Tea exporters in Mombasa said about a quarter of March’s delayed on shipping schedules for about 2-3 weeks as the incoming ships took longer routes.
“It used to cost a tea exporter $2,442 to ship a 40-foot container to Russia, Kenya’s fifth biggest market for the beverage in October but today it is Ksh930,857 ($6,513) to the nation and other neighbouring regions,” said Hassan Bule, a Mombasa-based tea buyer.
Mr Bule said the Russia-Ukraine war has also impacted costs over by the longer distance that ships have to navigate to reach their final destination following the closure of the Black Sea route.
Despite demand and high prices, exorbitant freight cost has impacted negatively on Kenya’s exports to that region, a move that has seen the demand for the commodity wane.

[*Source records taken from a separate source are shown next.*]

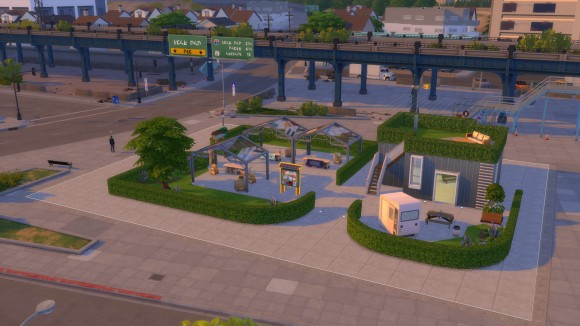 这个社区还有一栋公寓楼。虽然对面那栋看起来也是公寓楼,但是那是假公寓楼。 一个一卧室公寓,一个两卧室带阳台…… 结果你告诉我这个阳台不是我的?这是欺诈! 公寓楼会随着社区现代化建设而改变。 车站前面是坎妮弗车站的社区中心。 现代化公寓楼预览。 左上角的社区是阴森采石场——这里曾经是淘金者的天堂,而如今则是极光爱好者的天堂。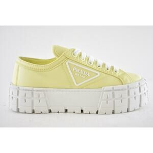Prada Narciso Yellow Nylon White Platform Lug Sole Flat Low Top Trainer Sneaker 36.5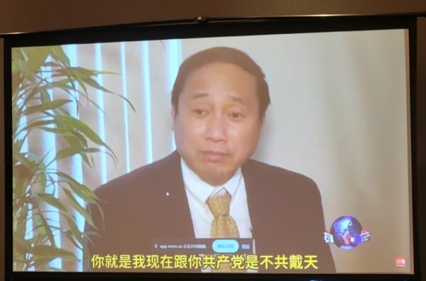 2025年9月9日,中國民營企業家權益保障聯盟舉辦新紀元新聞會,宣布王軍濤出任首席監護人。圖為採訪王軍濤視頻。(邱晨/大紀元)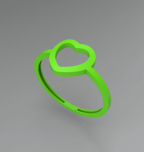 از نظر مشخصات فیزیکی، این انگشتر در سایز استاندارد ۵۴ طراحی شده است که یکی از پرکاربرد ترین سایز ها در بازار زیورآلات زنانه است. وزن برآوردی محصول نهایی حدود ۱.۰۸ گرم است که آن را در رده انگشتر های سبک قرار میدهد. ابعاد طرح قلب روی کار ۸.۵ میلیمتر است که نمایی چشمگیر دارد، اما ضخامت کلی کار ۰.۳ میلیمتر در نظر گرفته شده است؛ این ضخامت کم نشان دهنده ظرافت بالای کار است و نیازمند دقت در مرحله پرداخت کاری میباشد تا فرم اصلی تغییر نکند.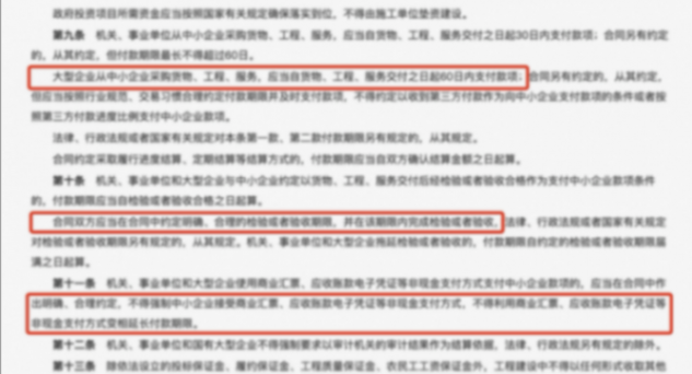 條例中明確規定,“大型企業從中小企業采購貨物、工程、服務,應當自貨物、工程、服務交付之日起60日內支付款項”。另外,還有“不得強制中小企業接受商業匯票、應收賬款電子憑證等非現金支付方式,不得利用商業匯票、應收賬款電子憑證等非現金支付方式變相延長付款期限”。
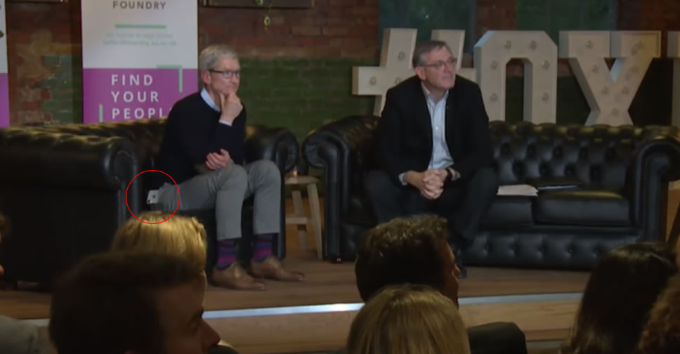 iPhone X ค่อยๆ เลื่อนออกจากกระเป๋ากางเกงของ Tim Cook จนหล่นออกมา โชคดีที่มันตกลงบนโซฟาที่เขานั่งอยู่ Tim Cook รู้ตัวเกือบจะทันที และดูเหมือนเขาไม่ซีเรียสกับเรื่องนี้ Tim Cook ก้มลงดูเล็กน้อย ก่อนจะจับ iPhone X ให้คว่ำลง แล้วให้สัมภาษณ์ต่อไป

“Ship turnaround time has remained a challenge as some shipping agents with contract with tea exporters have either delayed picking tea at Mombasa port or some have suspended their trips completely. This has seen the volumes of tea exported to Russia and other neighbouring countries such as Kazakhstan, Kyrgyzstan, Uzbekistan and Azerbaijan significantly dwindled,” said East African Trade Association managing director George Omuga said.
“We have engaged Kenya Ports Authority to give priority such ships as we meet shipping agents to discuss on way forward about the skyrocketing freight costs which is also affecting port of Dar es Salaam.”